Since the advent of the factual sufficiency analysis of Clewis in 1996, we have articulated several different approaches for construing a "sufficiency" complaint to determine whether it challenges the legal or factual sufficiency of the evidence (or both). In Hoffman v. State, we concluded that the appellant's sufficiency point constituted a factual sufficiency challenge because he requested reversal and remand in his discussion of the relief required in the event of a favorable ruling on that point.2 922 S.W.2d 663, 671 & n.6 (Tex. App.-Waco 1996, pet. ref'd). In Caldwell v. State, we observed that we would construe a general sufficiency challenge as a challenge to the legal sufficiency of the evidence. 943 S.W.2d 551, 552 (Tex. App.-Waco 1997, no pet.). More recently, we have noted that we look to the arguments made and the cases cited to construe a general sufficiency issue. See Purvis v. State, 4 S.W.3d 118, 120 (Tex. App.-Waco 1999, no pet.).

As we have previously stated, counsel should clearly specify the type of sufficiency challenge being made and state the applicable standard of review. See Purvis, 4 S.W.3d at 119-20; Deckard v State, 953 S.W.2d 541, 543 n.3 (Tex. App.-Waco 1997, pet. ref'd). If counsel fails to do so, we may require re-briefing under Rule of Appellate Procedure 38.9. See Tex. R. App. P. 38.9. However, if we are satisfied that the briefing rules have not been flagrantly violated, we will construe the issue presented. Preferably, the argument and authorities presented in the brief will dictate whether an issue challenges the legal or factual sufficiency of the evidence or both. See Purvis, 4 S.W.3d at 120; Hoffman, 922 S.W.2d at 671 n.6. Otherwise, we will construe a general sufficiency challenge as a challenge to only the legal sufficiency of the evidence.
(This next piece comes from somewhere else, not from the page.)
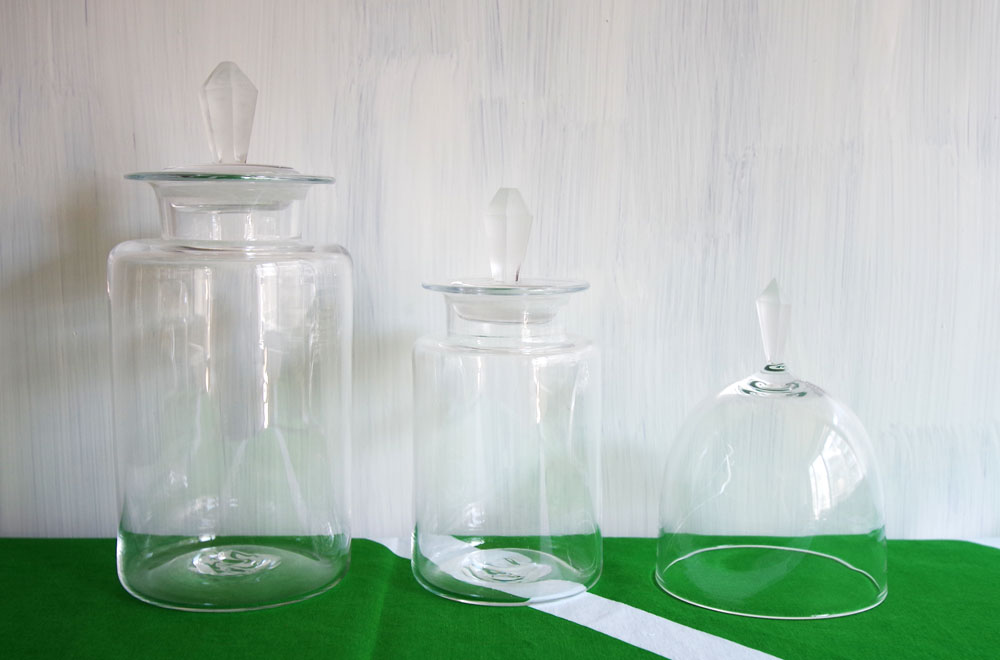 こちらは、すりガラスの持ち手が特徴的な、保存瓶と、ドーム。
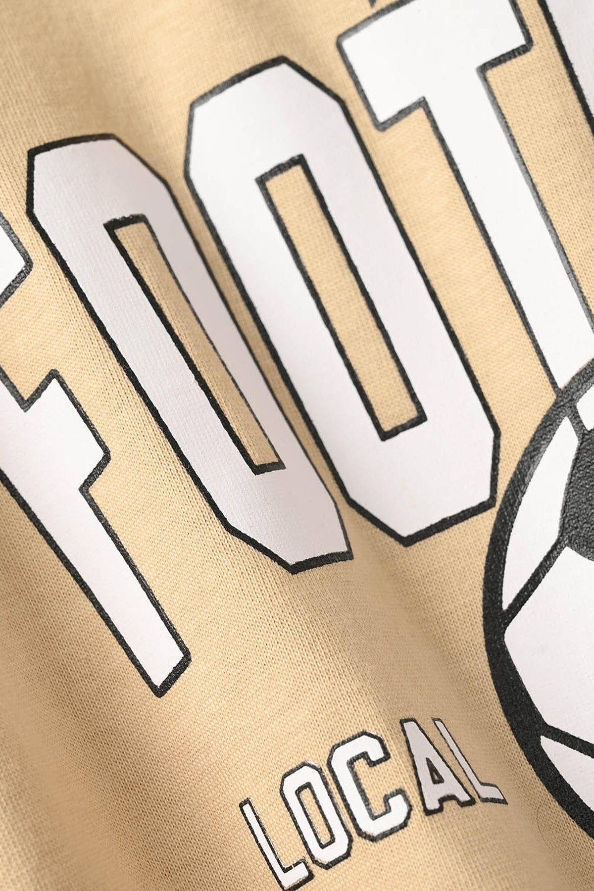 Boys warm sand-colored cotton jersey T-shirt featuring a front football print, round neck, and half sleeves for casual and comfortable everyday wear.

See Caldwell, 943 S.W.2d at 552.

In this case, Brown does not specify whether he is challenging the legal or factual sufficiency of the evidence on this issue. Nevertheless, he cites Gonzales v. State as supporting authority. 638 S.W.2d 41 (Tex. App.-Houston [1st Dist.] 1982, pet. ref'd). Gonzales is a legal sufficiency case. See id. at 43. Accordingly, we construe Brown's second issue as a challenge to the legal sufficiency of the evidence. See Purvis, 4 S.W.3d at 120.